There was the sound of Hawkeye whining, close to BJ’s ear. The brush of his lips, and then: his teeth, sinking into the skin of BJ’s neck, just below the curve of his jaw. BJ gasped, coming over his fist. 

He felt dizzy, lightheaded—there were bright spots dancing like snowflakes across his vision. And then Hawkeye didn’t stop—he rolled BJ onto his stomach, flattened himself across BJ’s spine and kept moving, keeping up a string of babbled words of his own. BJ squirmed, oversensitive and overwhelmed, while Hawkeye whined and keened into his ear. “So good, BJ—so good—you’re so, so—”

Hawkeye pressed his nose against the junction of BJ’s neck and came with a groan. 

BJ didn’t realize he’d let tears slip down his cheeks until Hawkeye had rolled him over again, his shaky fingers pressing into BJ’s cheeks. “Shit—did I—Beej, are you okay?”

BJ nodded, pulling Hawkeye down against him again. He wrapped his arms across Hawkeye’s back, tucked his nose into his shoulder, a mirror of what Hawkeye had just done, and sighed. “Love you,” he said. 

Hawkeye’s voice was muffled by their pillow. “You’re sure?”

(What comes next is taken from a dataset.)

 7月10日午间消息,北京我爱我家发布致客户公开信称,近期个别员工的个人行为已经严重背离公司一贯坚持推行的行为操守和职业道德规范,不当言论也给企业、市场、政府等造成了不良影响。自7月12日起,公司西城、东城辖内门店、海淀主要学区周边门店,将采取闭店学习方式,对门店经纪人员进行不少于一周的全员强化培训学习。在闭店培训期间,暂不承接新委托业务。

“It was perfect,” BJ said. He blinked, slow. He felt a bit spacey, out of it—like he’d lost blood. And still he was twitchy and too-sensitive. He squeezed his arms around Hawkeye, like the weight of him could wring out the feeling like wringing out a rag—and it did, nearly. He could’ve melted into the mattress. 

“Okay,” Hawkeye sighed. A long beat of silence passed; BJ’s eyes started to droop. “Are you falling asleep on me?”

“No,” BJ lied.

Hawkeye’s teeth on him again—a smile, and then a playful nip. BJ jolted, his leg kicking involuntarily. “Wow,” Hawkeye said, grinning wider, “you really like that, huh?”

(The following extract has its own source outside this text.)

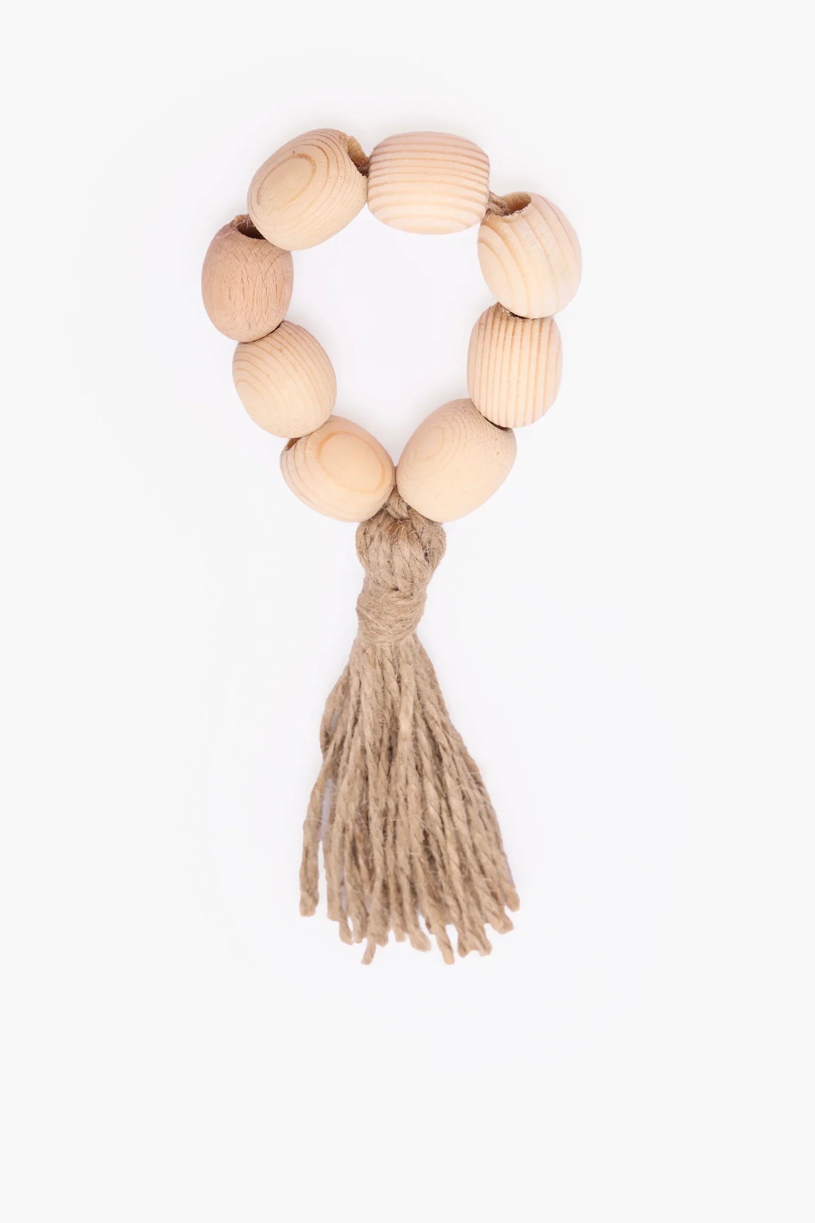 This rustic wooden napkin holder features smooth, natural wood beads strung together with sturdy jute twine, finished with a charming tassel. Perfect for adding a warm, organic touch to your dining table, it blends effortlessly with boho, farmhouse, or coastal décor styles.

BJ blinked. He was slow to respond. “Don’t ask me to explain it.”

“I won’t,” Hawkeye said, which BJ suspected was a lie. He kissed BJ’s shoulder and sat up. They were sticky—they’d both need a shower. Hawkeye still had a stain of fake blood smeared across his jaw; for a moment, BJ let himself believe it was his own. 

“Shower?” BJ asked. He sat up after Hawkeye. His body ached pleasantly: worn-out, well-used. He wondered if it would take much convincing for Hawkeye to do that to him again. 

“Sure,” Hawkeye said. His brow was furrowed. He reached for BJ’s jaw—no, his neck—and pressed his fingers against the bite mark he’d left. BJ twitched into the touch. “Uh-oh. That’s really going to bruise.”

BJ set his jaw, biting back a groan. The thought thrilled him, just a little. “Show me?”

So Hawkeye helped him out of bed—BJ’s legs were shaking, and there was a trail of come leaking down his inner thigh. In the en-suite, BJ examined the bite in the mirror: red, stark against his skin, and it would only darken. He pressed the tips of his fingers into the spaces Hawkeye’s incisors had been. Christ, BJ thought—you could take dental prints.

“I think I’ll aim for your shoulder next time,” Hawkeye said.

BJ tightened his grip around the lip of the sink. “Uh-huh.”

He caught Hawkeye’s teasing smile in the mirror. “You can’t go into work like that, you know,” he said. He tilted his head in thought. “I think you’re just about Maureen’s color. I’ll call her in the morning and ask to borrow her concealer.” 

BJ huffed out a laugh. “That might be wise.”

“Better yet,” Hawkeye said, and reached forward to squeeze BJ’s hip, “I’ll just ask her for the brand, and get you some of your own. Just in case.”

BJ swallowed. The mark on his neck shifted, just barely. “Just in case.”

Notes:

if youve ever seen those pics of alan alda in the stage production of the apple tree in 1966? that's the makeup vibe im going for here. thank u.